_Description of the task:_
Search the listing below for the line containing "Official report of". From there through the line containing "Howard Finkel and", transcribe every line exactly, both ends included.

---------- Dataset excerpts

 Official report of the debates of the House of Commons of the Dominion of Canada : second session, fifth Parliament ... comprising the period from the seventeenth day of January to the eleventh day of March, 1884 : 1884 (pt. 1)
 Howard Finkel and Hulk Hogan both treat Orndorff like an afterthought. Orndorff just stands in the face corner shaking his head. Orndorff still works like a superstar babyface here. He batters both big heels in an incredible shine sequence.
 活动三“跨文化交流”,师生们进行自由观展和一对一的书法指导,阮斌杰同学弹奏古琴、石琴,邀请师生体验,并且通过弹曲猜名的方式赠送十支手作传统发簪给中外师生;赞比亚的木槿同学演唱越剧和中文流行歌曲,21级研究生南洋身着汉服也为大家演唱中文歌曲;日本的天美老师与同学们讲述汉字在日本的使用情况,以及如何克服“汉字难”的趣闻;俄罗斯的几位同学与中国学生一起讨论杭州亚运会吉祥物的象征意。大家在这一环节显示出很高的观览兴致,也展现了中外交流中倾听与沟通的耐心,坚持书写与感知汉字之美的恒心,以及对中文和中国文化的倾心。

--------------------
---------- Dataset excerpts

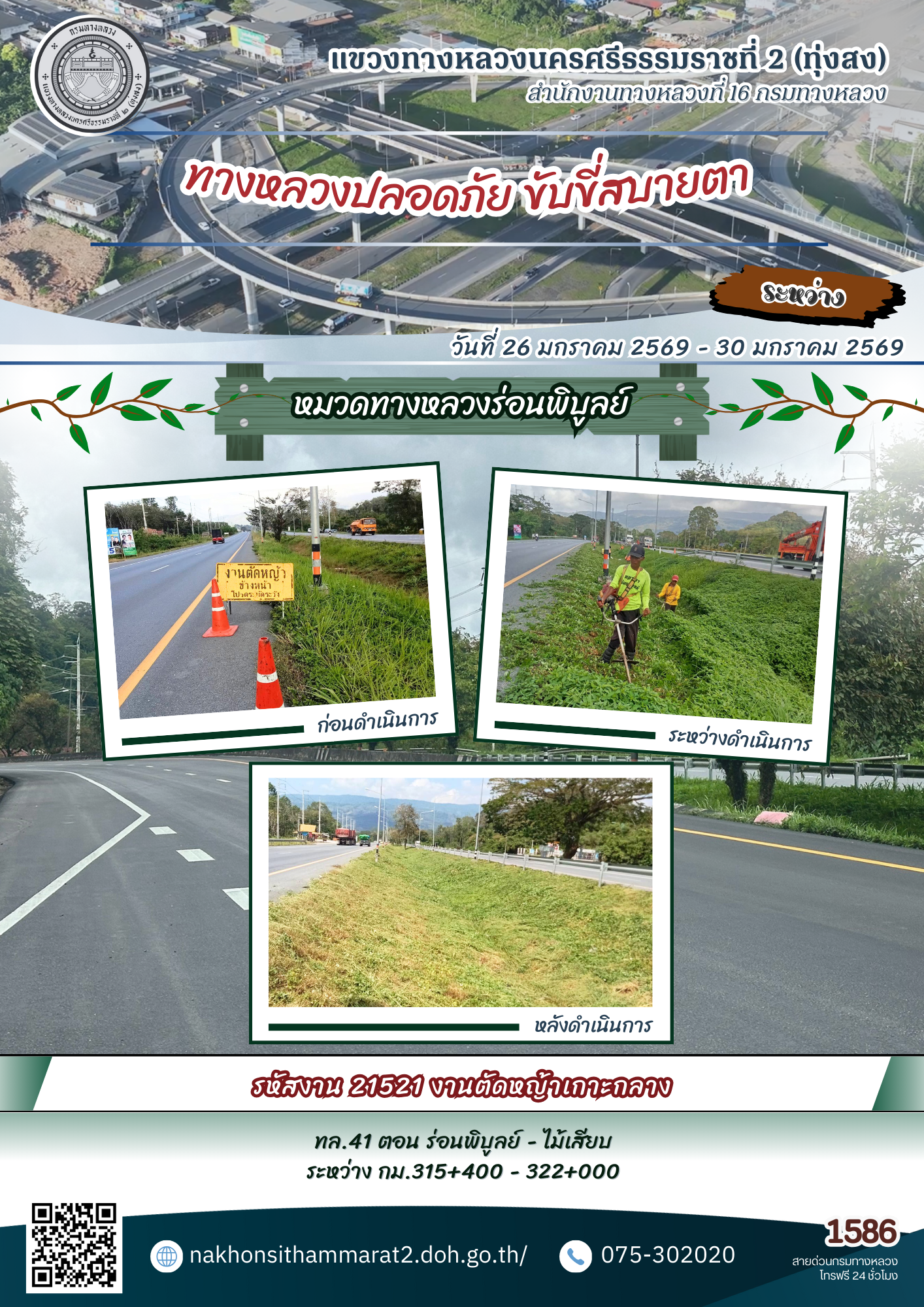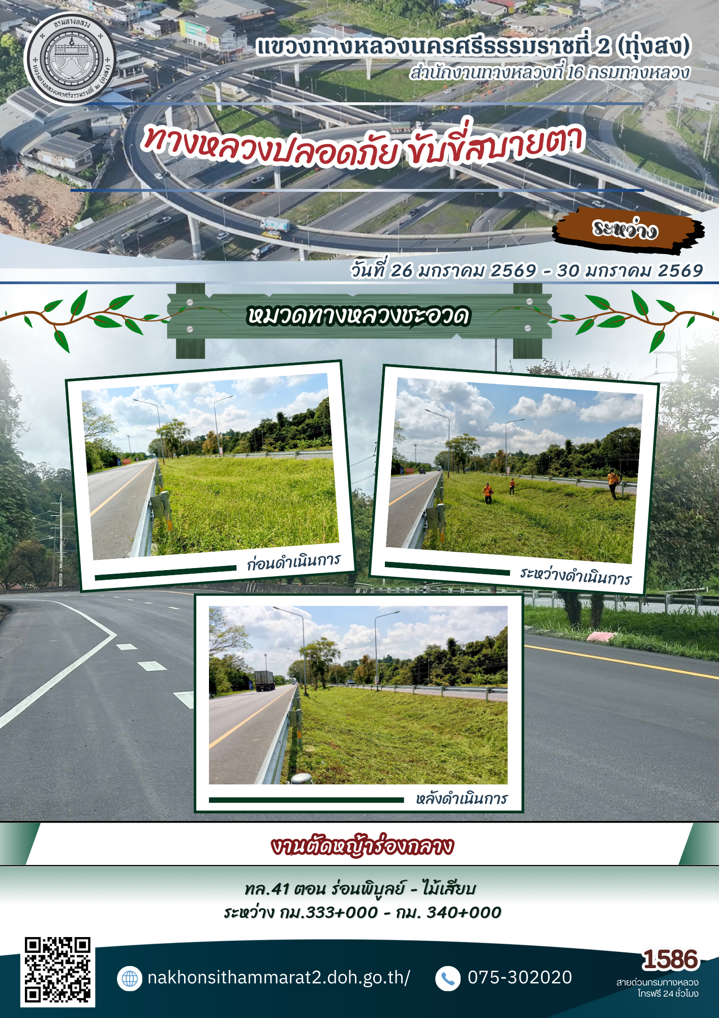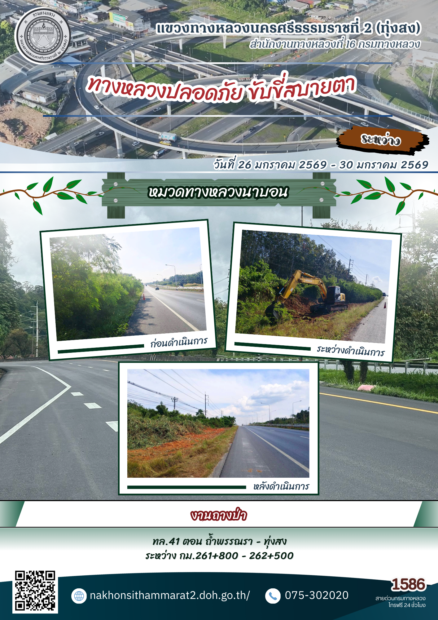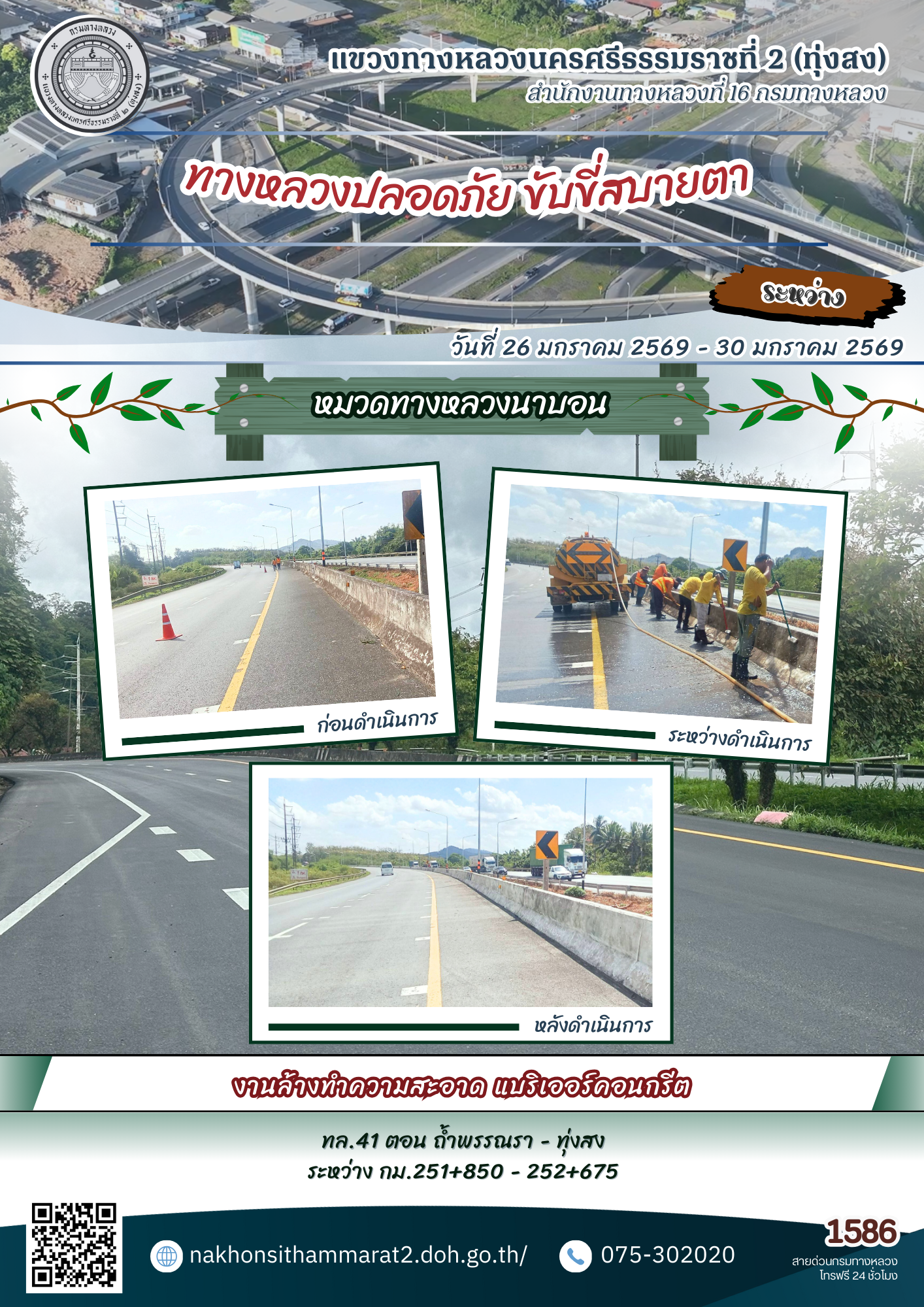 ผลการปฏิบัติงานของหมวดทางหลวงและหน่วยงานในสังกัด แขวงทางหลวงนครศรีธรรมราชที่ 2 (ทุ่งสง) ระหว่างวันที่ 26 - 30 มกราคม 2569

--------------------

_Result:_
 Official report of the debates of the House of Commons of the Dominion of Canada : second session, fifth Parliament ... comprising the period from the seventeenth day of January to the eleventh day of March, 1884 : 1884 (pt. 1)
 Howard Finkel and Hulk Hogan both treat Orndorff like an afterthought. Orndorff just stands in the face corner shaking his head. Orndorff still works like a superstar babyface here. He batters both big heels in an incredible shine sequence.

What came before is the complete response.